Compute DBSCAN clustering.

Computes DBSCAN clustering on the data matrix previously passed into the handle using da_dbscan_set_data_?.

Parameters:

handle[inout] a da_handle object, initialized with type da_handle_dbscan and with data passed in via da_dbscan_set_data_?.

Returns:

da_status. The function returns:

Post:

After successful execution, da_handle_get_result_? can be queried with the following enum for floating-point output:

  • da_rinfo - return an array of size 9 containing the values of n_samples, n_features, lda, eps, min_samples, leaf_size, p, n_core_samples and n_clusters.
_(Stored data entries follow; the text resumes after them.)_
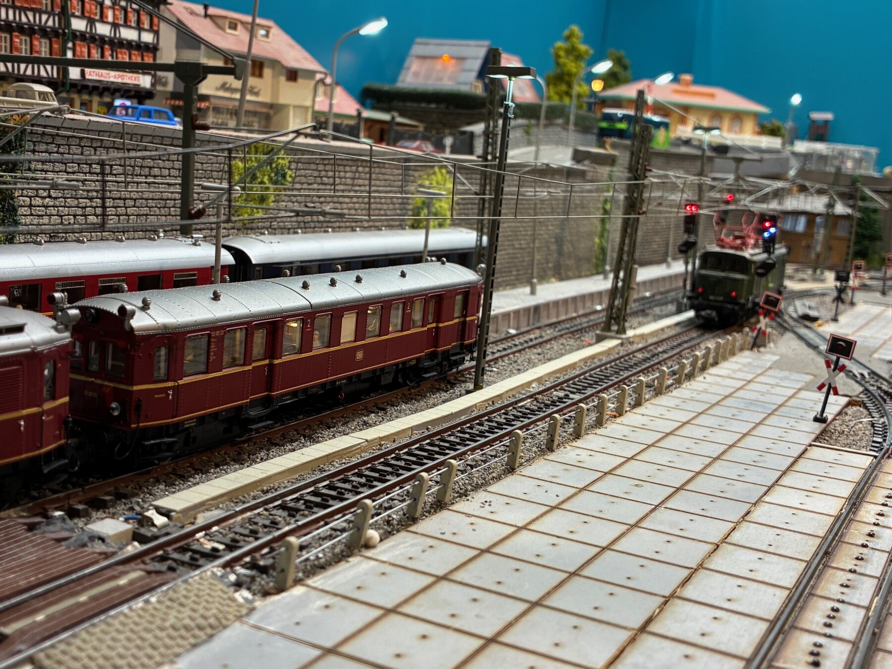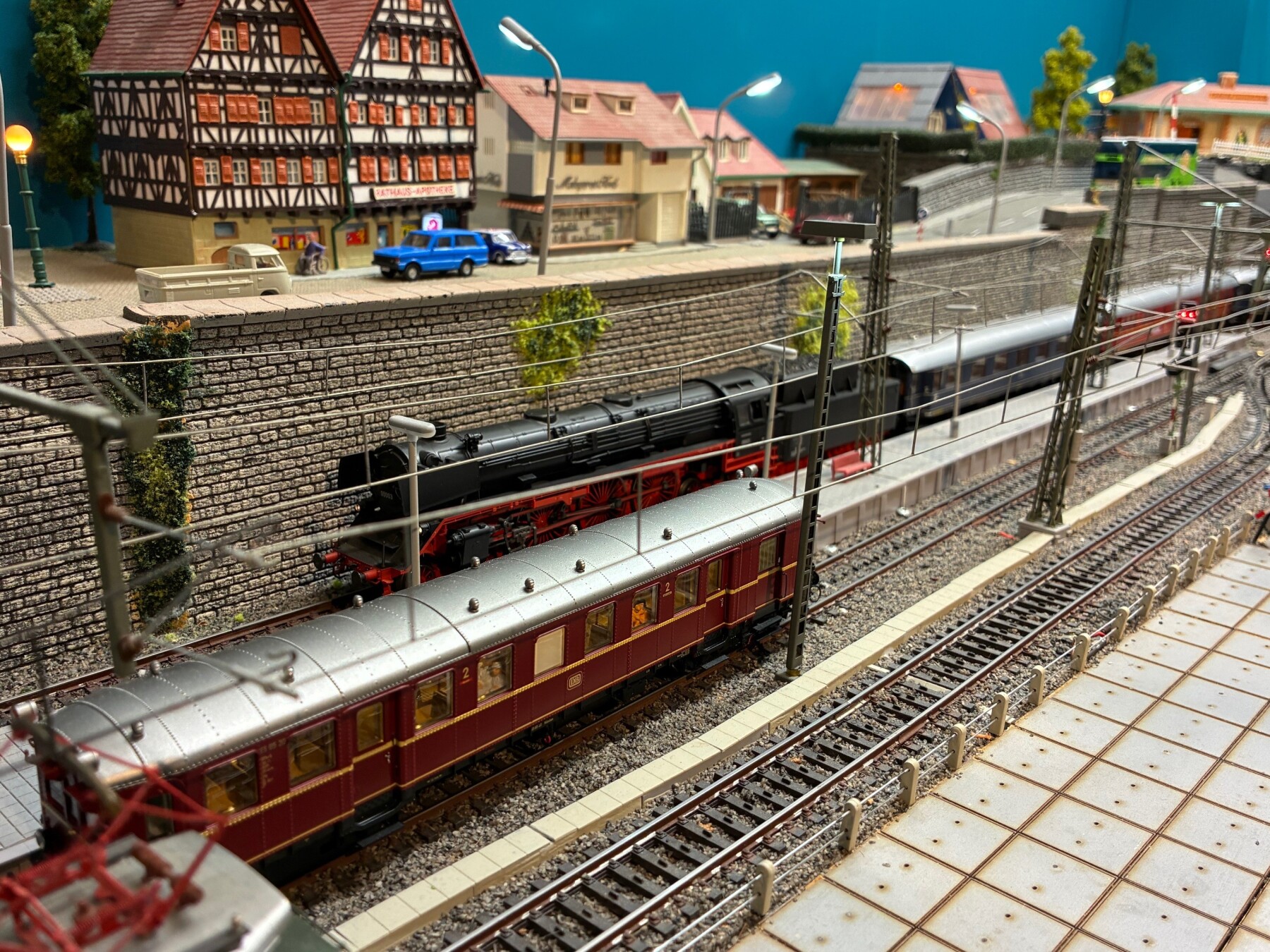 Ter ere daarvan wat "rijfoto's" van de BR 05 met zijn F-zug die binnenloopt in het kopstation. De rit zal voortgezet worden met een E 44 als tractie. De E44 stond al klaar in het station, en krijgt toestemming om te rangeren.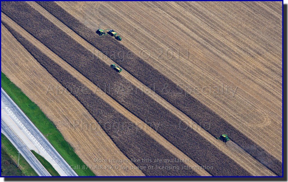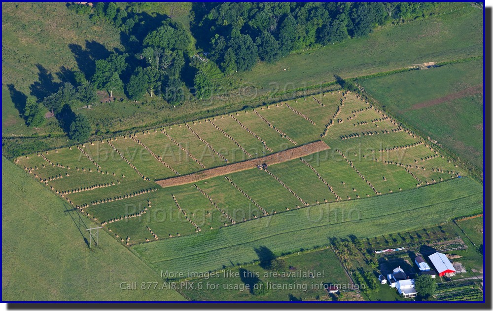 We always enjoy watching the harvest from the air - combines, trucks, tractors, and wagons move up and down the fields making really neat geometric patterns on the ground. However, here in Ohio, we also have a large Amish population and their "old fashioned" ways of harvesting make for particularly interesting views of the landscape. We are fortunate that our work takes us over these rural areas of Ohio and we never tire of the view. One such view was featured as our "Stock Photo of the Week" on August 9, 2010. Here are a couple more views (Tip! Hover your mouse pointer over the photo for a brief description): |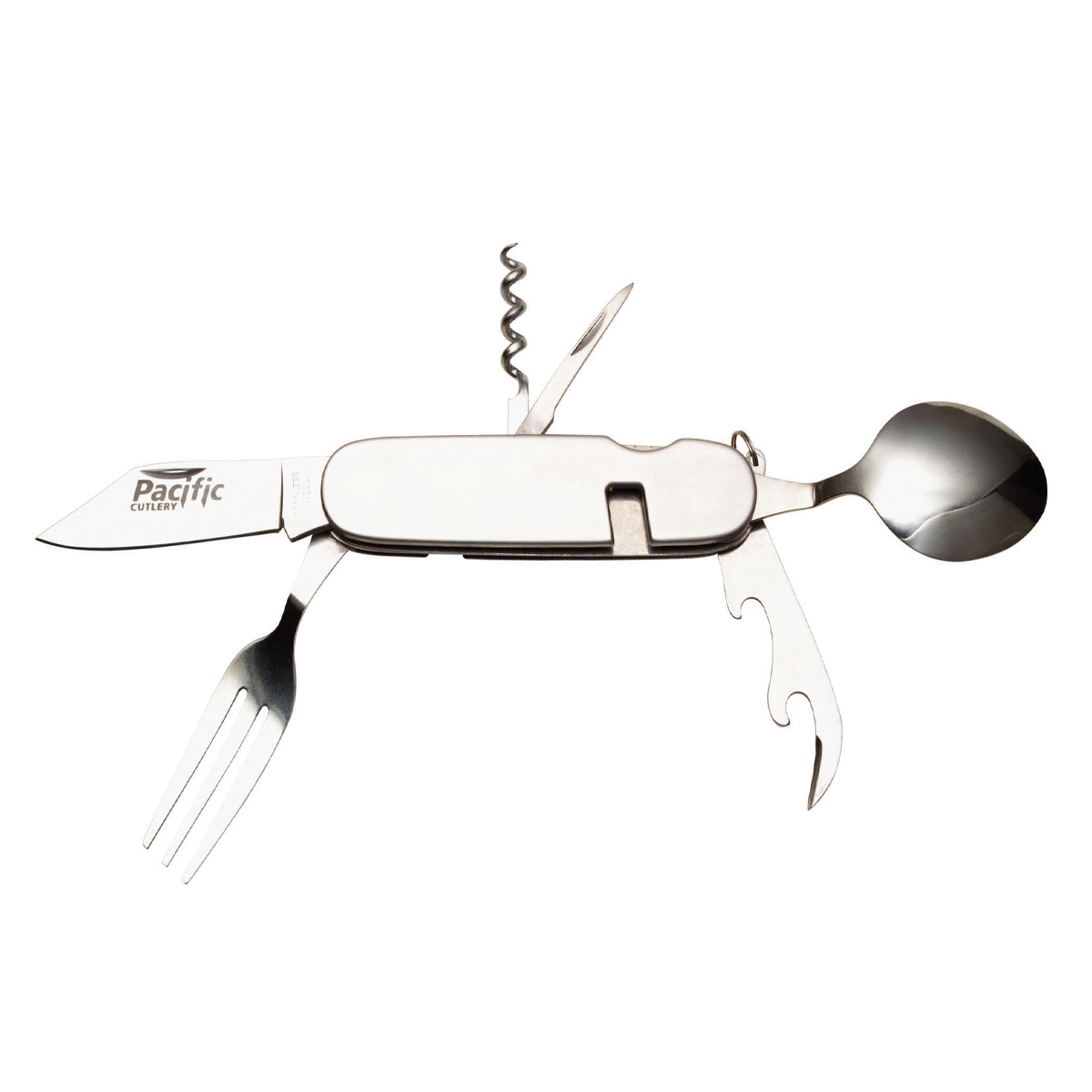 Scout Combo Cutlery Knife Tool The Pacific Cutlery scout combo knife pulls apart by opening the fork and the spoon this handy unit is great for any scout, cadet or adventurer. Manufactured from 100% stainless steel it features a bottle opener, corkscrew, fork, knife, reamer and spoon. Includes a rear lanyard ring for secure carriage. Great Everyday Carry item and save plastic on the go with this tool Features 100% Stainless steel Smart Design easily comes apart to use as a traditional Fork and Knife Set – Simply combine once your meal is finished and pop into the pouch provided Eco-Friendly – Made of Stainless Steel, 100% Reusable and save plastic cutlery when on the go Bottle opener, corkscrew, fork, knife, reamer and spoon Includes a rear lanyard ring for secure carriage. Ideal for camping, trekking, hiking, boating and more Specifications Includes: 1 x Scout Combo Knife With Knife, Fork & Spoon, Bottle Opener, Can Opener, Cork Screw Material: Stainless Steel (YT-390P)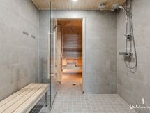 Kylpyhuoneessa on sähköinen mukavuuslattialämmitys.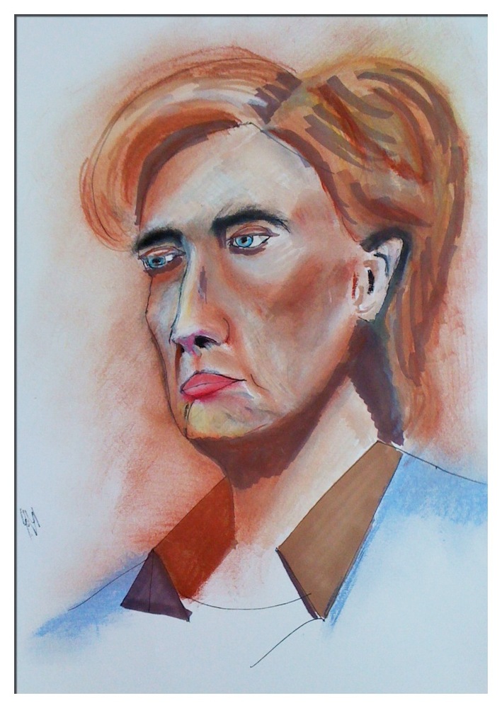 Before Gwyneth there was woman. This is the first attempt to make a drawing using Letraset promakers. The only thing is I added oil pastels and came up with a whole new way, for me, to make a drawing. However, the key mark making technology in this drawing was the choice of using a pen for the initial outline rather than my more usual pencil. This meant that every Mark I made was permanent and so I had to ensure it was exactly where I wanted it to be. To be honest I was intimidated by this and the initial sketch wasn’t as flowing as I would have wanted. However, it does give the drawing a strange ‘Dan Dare’ look but does highlight the importance of mark making, the technology you use and how you, the artist, reacts to the opportunities and restrictions placed on you.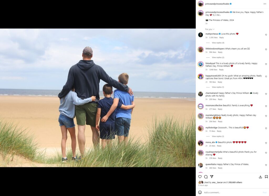 Fotografija je pritegnila sledilce profila britanske kraljeve družine na tem omrežju in mnogi so kralju in princu, ki je prav tako oče, čestitali za praznik.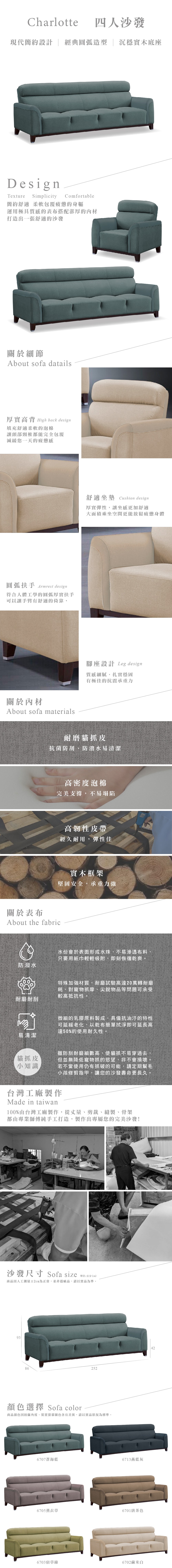 【本木】MIT台灣製 夏洛特強韌耐刮貓抓皮4人坐沙發+腳繭米色#6702+晨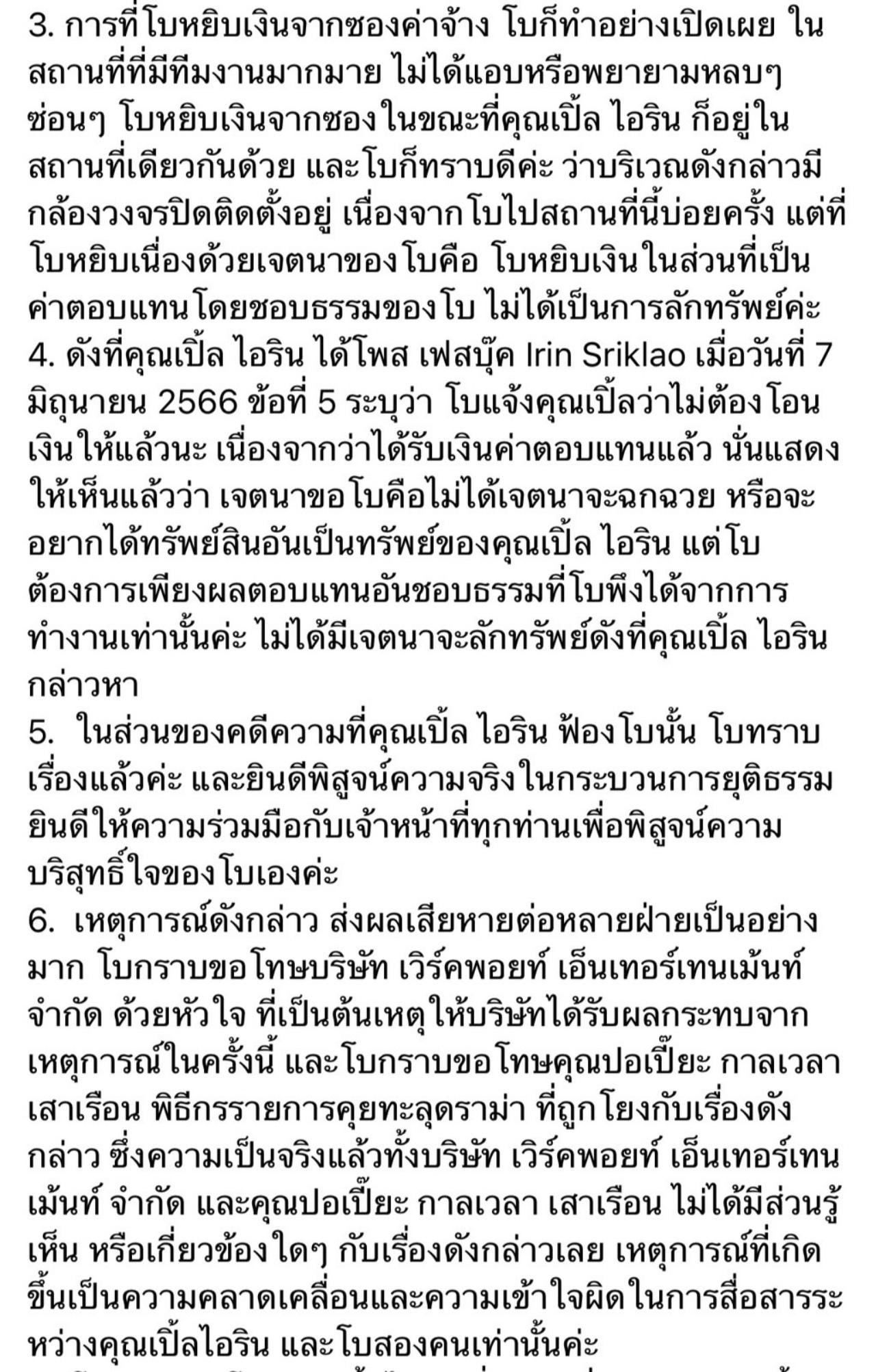 4. ดังที่คุณเปิ้ล ไอริณ ได้โพสต์ เฟซบุ๊ก Irin Sriklao เมื่อวันที่ 7 มิถุนายน 2566 ข้อที่ 5 ระบุว่า โบแจ้งคุณเปิ้ลว่าไม่ต้องโอนเงินให้แล้วนะ เนื่องจากว่าได้รับเงินค่าตอบแทนแล้ว นั่นแสดงให้เห็นแล้วว่า เจตนาขอโบคือไม่ได้เจตนาจะฉกฉวย หรือจะอยากได้ทรัพย์สินอันเป็นทรัพย์ของคุณเปิ้ล ไอริณ แต่โบต้องการเพียงผลตอบแทนอันชอบธรรมที่โบพึงได้จากการทำงานเท่านั้นค่ะ ไม่ได้มีเจตนาจะลักทรัพย์ดังที่คุณเปิ้ล ไอริณ กล่าวหา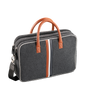 Conceived as a timeless design, this bag features gray fabric and a clay, white and blue leather pattern.

In addition da_handle_get_result_int can be queried with the following enums:

  • da_dbscan_n_clusters - return the number of clusters found.

  • da_dbscan_n_core_samples - return the number of core samples found, n_core_samples.

  • da_dbscan_labels - return an array of size n_samples containing the label (i.e. which cluster it is in) of each sample point. A label of -1 indicates that the point has been classified as noise and has not been assigned to a cluster.

  • da_dbscan_core_sample_indices - return an array of size n_core_samples containing the indices of the core samples.